Lantis menarik sesuatu keluar dari balik jubahnya. Sebuah kalung dengan bandul kristal putih yang indah di tangannya. Lantis memandanginya. Liontin pusaka warisan ibunya. Ia menyadari pahit keputusan yang harus diambilnya sebagai seorang magic swordsman, status yang selama ini ingin dibuangnya. Ratusan tahun klannya menerima kehormatan sebagai pelindung Sang Pillar dan secara tragis menemui ajalnya karena sistem Pillar ini.
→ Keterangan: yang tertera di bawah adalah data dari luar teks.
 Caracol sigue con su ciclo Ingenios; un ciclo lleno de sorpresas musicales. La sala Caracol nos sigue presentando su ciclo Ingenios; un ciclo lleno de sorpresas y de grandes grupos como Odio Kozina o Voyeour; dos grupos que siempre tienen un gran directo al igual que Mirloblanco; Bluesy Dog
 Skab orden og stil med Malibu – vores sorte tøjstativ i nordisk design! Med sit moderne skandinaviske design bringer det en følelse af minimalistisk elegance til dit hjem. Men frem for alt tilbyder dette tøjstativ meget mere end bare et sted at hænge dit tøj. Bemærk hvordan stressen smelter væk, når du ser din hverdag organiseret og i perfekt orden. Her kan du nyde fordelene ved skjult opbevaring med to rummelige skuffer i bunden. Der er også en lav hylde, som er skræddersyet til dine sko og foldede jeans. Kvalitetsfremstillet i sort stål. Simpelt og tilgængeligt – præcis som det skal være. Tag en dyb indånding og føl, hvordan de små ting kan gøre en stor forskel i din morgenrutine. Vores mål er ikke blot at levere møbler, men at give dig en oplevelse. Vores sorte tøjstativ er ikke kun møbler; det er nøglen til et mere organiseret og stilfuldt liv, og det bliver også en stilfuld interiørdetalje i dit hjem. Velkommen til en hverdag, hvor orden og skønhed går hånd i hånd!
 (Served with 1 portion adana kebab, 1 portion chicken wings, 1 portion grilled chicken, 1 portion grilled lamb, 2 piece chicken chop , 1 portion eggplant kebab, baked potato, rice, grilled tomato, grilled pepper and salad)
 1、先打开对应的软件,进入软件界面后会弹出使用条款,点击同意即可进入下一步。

Ia, Cail terakhir, akan secara kurang ajar mengakhiri tradisi itu. Ia bukan lagi seorang pelindung. Ia akan menjadi seorang pembunuh.
Lantis menarik putus rantai tarisman dari lehernya. Ia melemparkan benda itu jauh-jauh ke arah danau yang airnya menyapu kakinya. Ia tahu, ia tak terelakkan lagi akan melakukan perbuatan ini, sesuatu yang membuatnya ingin memilih untuk tak hidup lebih lama lagi menanggung rasa bersalah mengakhiri hidup orang terpenting dalam hidupnya, sahabatnya.
Eagle Vision...
Primera mengawasi Lantis dari sela-sela dedaunan dengan berurai air mata karena cemas. Ia mencengkeram ranting tempatnya berpijak kuat-kuat. Ia ingin mencegah Lantis membuang benda berharga itu... Ia ingin menangkap benda itu agar tidak tenggelam, tetapi ia terhenti. Terdengar untuk pertama kali baginya... Lantis yang menangis.